Supplied data -

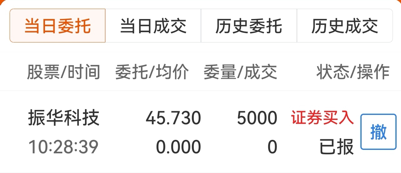 $振华科技(SZ000733)$ 每天挂单45.73元买入,多一分都不入!!!
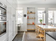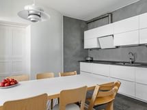 - Kivitasot, Keittiössä on tilaa isolle ruokapöydälle ja reilusti kaappitilaa. Kaksi jääkaappia ja erillinen pakastin, induktioliesi ja integroidut koneet. Keittiöstä käynti piian rappukäytävään ja siivousparvekkeelle sekä ullakolle. Siivousparveke on yhteinen kerroksen toisen asunnon kanssa. Lisäksi asuntoon kuuluu rappukäytävässä oleva pieni kylmäsäilytyskomero.
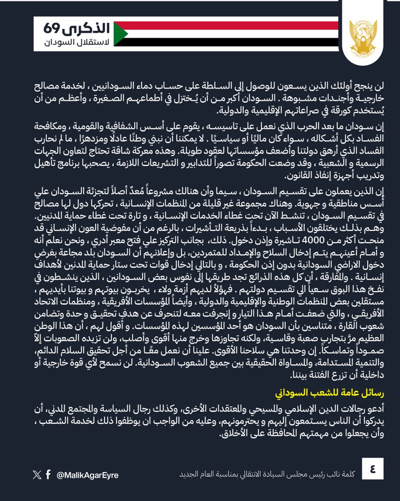 مالك عقار نص خطابي الى الشعب السوداني بمناسبة العام الجديد ١/٣ … By null Published September 11, 2025 Share SHARE Facebook Twitter Pinterest LinkedIn[ad_1] نص خطابي الى الشعب السوداني بمناسبة العام الجديد ١/٣ [ad_2] Source by Malik Agar Eyre | مالك عقار اير Facebook Twitter Pinterest LinkedIn Share This Article Facebook Twitter Email Print Previous Article LIVE: Trump Rally in New York, #NewYork … Next Article رئيس مجلس السيادة الانتقالي الفريق أول الركن #عبدالفتاح_البرهان يبعث برقية تهن… Leave a Comment Leave a Reply Cancel replyYour email address will not be published. Required fields are marked *Comment * Name * Email * Website Save my name, email, and website in this browser for the next time I comment. Δ SearchSearchRecent Postsأكرمنا الله صباح اليوم الأحد بلقاء إخوةٍ كرام، على ضفة النيل الأزرق، حيث شاي الش… أعلن بنك السودان المركزي في منشور إدارة السياسات رقم (2025/15) رفع الاحتكار عن ا… ندوة بعنوان: القانون الدولي والسيادة الوطنية قراءة في موقف السودان من لجنة تقصي … والي نهر النيل تستقبل وزير الموارد البشرية والرعاية الاجتماعية الوزير يشيد بالأ… كامل ادريس: رئيس اللجنة السياسية لمؤسسات الدولة السودانية. Recent CommentsNo comments to show.
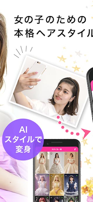 「ヘアスタイル」から顔写真を読み込み、気になるヘアスタイルをタップするだけで、AIが自動合成してくれます。

Activity - What the answer needs is every line from the one with "مالك عقار نص" through the last line of the data, reproduced word for word and with pictures omitted.

Solution -
 مالك عقار نص خطابي الى الشعب السوداني بمناسبة العام الجديد ١/٣ … By null Published September 11, 2025 Share SHARE Facebook Twitter Pinterest LinkedIn[ad_1] نص خطابي الى الشعب السوداني بمناسبة العام الجديد ١/٣ [ad_2] Source by Malik Agar Eyre | مالك عقار اير Facebook Twitter Pinterest LinkedIn Share This Article Facebook Twitter Email Print Previous Article LIVE: Trump Rally in New York, #NewYork … Next Article رئيس مجلس السيادة الانتقالي الفريق أول الركن #عبدالفتاح_البرهان يبعث برقية تهن… Leave a Comment Leave a Reply Cancel replyYour email address will not be published. Required fields are marked *Comment * Name * Email * Website Save my name, email, and website in this browser for the next time I comment. Δ SearchSearchRecent Postsأكرمنا الله صباح اليوم الأحد بلقاء إخوةٍ كرام، على ضفة النيل الأزرق، حيث شاي الش… أعلن بنك السودان المركزي في منشور إدارة السياسات رقم (2025/15) رفع الاحتكار عن ا… ندوة بعنوان: القانون الدولي والسيادة الوطنية قراءة في موقف السودان من لجنة تقصي … والي نهر النيل تستقبل وزير الموارد البشرية والرعاية الاجتماعية الوزير يشيد بالأ… كامل ادريس: رئيس اللجنة السياسية لمؤسسات الدولة السودانية. Recent CommentsNo comments to show.
 「ヘアスタイル」から顔写真を読み込み、気になるヘアスタイルをタップするだけで、AIが自動合成してくれます。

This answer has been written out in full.